Task brief »
Two lines mark the range in the entries below: the one holding "私が買った唐揚げは大きめサイ" and the one holding "Myydään tarpeettomana lasten". Set down those two and all lines between them, exactly.

Data »

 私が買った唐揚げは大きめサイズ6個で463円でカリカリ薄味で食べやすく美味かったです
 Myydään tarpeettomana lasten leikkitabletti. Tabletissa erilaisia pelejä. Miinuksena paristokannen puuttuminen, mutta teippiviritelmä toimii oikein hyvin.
* * *
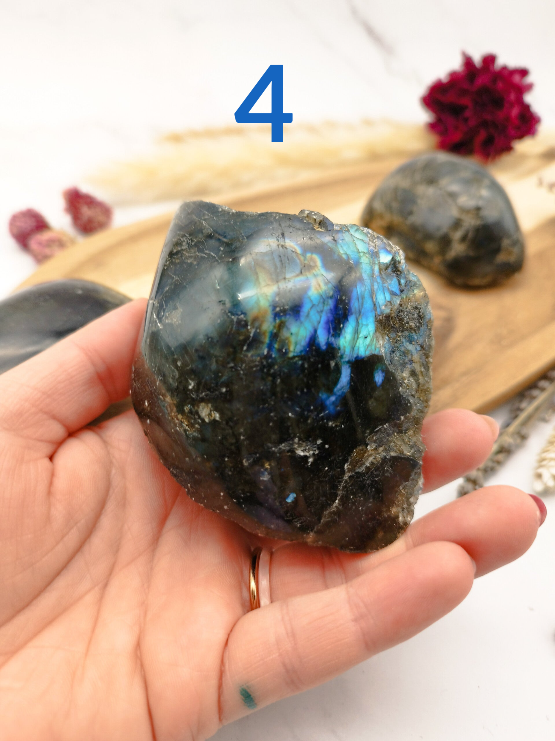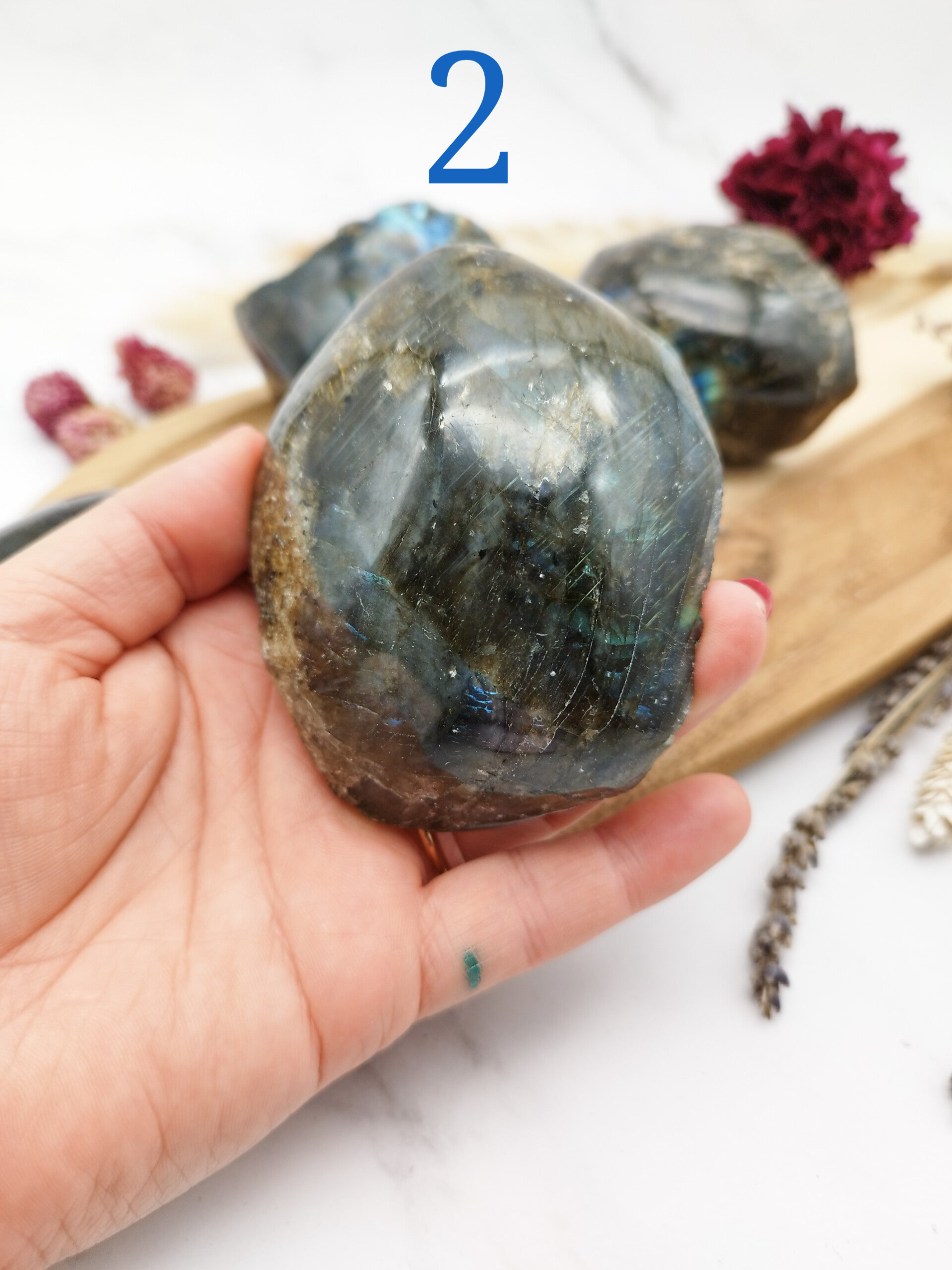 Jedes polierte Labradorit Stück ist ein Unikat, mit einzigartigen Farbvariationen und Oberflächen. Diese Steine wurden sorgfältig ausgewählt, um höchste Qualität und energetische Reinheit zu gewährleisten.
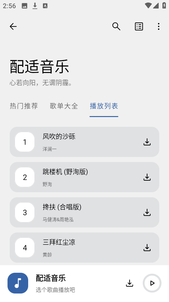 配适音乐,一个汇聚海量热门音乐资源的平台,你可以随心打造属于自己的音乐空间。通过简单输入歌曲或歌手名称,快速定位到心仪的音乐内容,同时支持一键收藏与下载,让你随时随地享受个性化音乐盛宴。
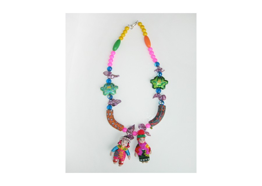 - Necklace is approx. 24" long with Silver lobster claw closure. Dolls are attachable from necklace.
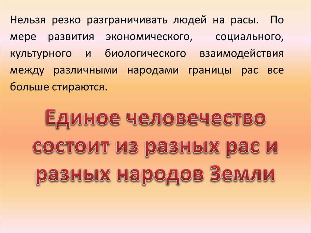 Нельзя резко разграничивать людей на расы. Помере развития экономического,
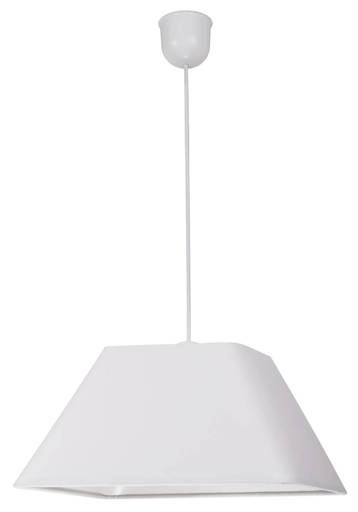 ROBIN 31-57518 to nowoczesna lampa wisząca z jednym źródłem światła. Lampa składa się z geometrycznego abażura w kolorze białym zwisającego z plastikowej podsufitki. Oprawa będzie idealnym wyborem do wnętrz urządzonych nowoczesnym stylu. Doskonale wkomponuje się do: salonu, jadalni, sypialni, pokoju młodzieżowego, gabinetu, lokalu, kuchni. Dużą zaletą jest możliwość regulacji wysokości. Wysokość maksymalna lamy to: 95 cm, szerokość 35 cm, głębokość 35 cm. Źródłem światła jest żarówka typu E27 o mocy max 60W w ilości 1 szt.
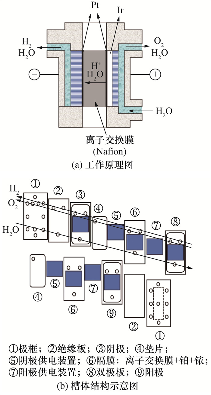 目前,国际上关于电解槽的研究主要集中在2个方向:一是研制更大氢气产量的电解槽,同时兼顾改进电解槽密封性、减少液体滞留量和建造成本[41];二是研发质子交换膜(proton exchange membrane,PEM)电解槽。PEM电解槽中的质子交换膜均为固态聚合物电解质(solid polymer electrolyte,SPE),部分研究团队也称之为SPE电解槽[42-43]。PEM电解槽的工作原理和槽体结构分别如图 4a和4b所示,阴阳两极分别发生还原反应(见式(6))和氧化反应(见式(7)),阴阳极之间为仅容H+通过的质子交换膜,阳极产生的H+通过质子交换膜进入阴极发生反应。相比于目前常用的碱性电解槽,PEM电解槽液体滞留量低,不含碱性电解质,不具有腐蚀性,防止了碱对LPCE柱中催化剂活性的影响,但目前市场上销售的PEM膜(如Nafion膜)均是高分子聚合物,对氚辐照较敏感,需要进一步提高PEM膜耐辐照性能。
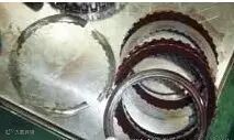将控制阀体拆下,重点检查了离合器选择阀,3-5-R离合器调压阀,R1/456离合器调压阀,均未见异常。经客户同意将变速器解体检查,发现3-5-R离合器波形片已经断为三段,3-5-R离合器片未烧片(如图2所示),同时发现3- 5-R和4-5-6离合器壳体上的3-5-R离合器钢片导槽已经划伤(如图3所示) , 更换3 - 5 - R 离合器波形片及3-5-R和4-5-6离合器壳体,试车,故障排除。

Solution to the problem »
 私が買った唐揚げは大きめサイズ6個で463円でカリカリ薄味で食べやすく美味かったです
 Myydään tarpeettomana lasten leikkitabletti. Tabletissa erilaisia pelejä. Miinuksena paristokannen puuttuminen, mutta teippiviritelmä toimii oikein hyvin.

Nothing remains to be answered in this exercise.